Here, we find that the CA correctly found that petitioners failed to present substantial evidence of any specific act of negligence on respondent's part or of the surrounding facts and circumstances which would lead to the reasonable inference that the untoward consequence was caused by respondent's negligence. In fact, having seen that Dr. Jabagat failed in the intubation, respondent inquired from the latter, who was the expert on the matter of administering anesthesia, whether the surgery should be postponed considering the failure to intubate.

Respondent further verified that Allen was still breathing by looking at his chest to check that there was excursion before proceeding with the surgery. That respondent decided to continue with the surgery even though there was a failure to intubate also does not tend to establish liability, contrary to the trial court's ruling. Petitioners failed to present substantial proof that intubation was an indispensable prerequisite for the operation and that it would be grave error for any surgeon to continue with the operation under such circumstances. In fact, the testimony of the expert witness presented by the prosecution in the criminal proceedings and admitted into evidence at the RTC, was even to the effect that the anesthesia could be administered by alternative means such as a mask and that the operation could proceed even without intubation.

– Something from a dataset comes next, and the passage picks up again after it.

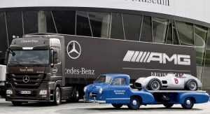 As part of this year’s celebrations for the 75th anniversary of the Mercedes-Benz Silver Arrows, the German automaker has brought together three generations of trucks that have been used to transfer the firm’s racing cars over the years. These include the 1934 Lo 2750, an awesome replica of the once fastest racing car transporter in the world, the so-called ‘Blue Wonder’ from 1955 that was powered by the original Gullwing’s direct-injection engine, and a modern day Actros Truck.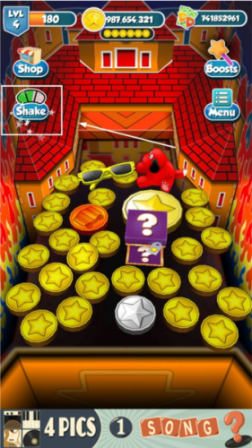 4、启动硬币墙,收集推送器上的每一枚硬币、奖品和拼图。

Here, the respondent could only supervise Dr. Jabagat to make sure that he was performing his duties. But respondent could not dictate upon Dr. Jabagat the particular anesthesia to administer, the dosage thereof, or that it be administered in any particular way not deemed appropriate by Dr. Jabagat. Respondent's specialization not being in the field of anesthesiology, it would be dangerous for him to substitute his judgment for Dr. Jabagat's decisions in matters that fall appropriately within the scope of Dr. Jabagat's expertise.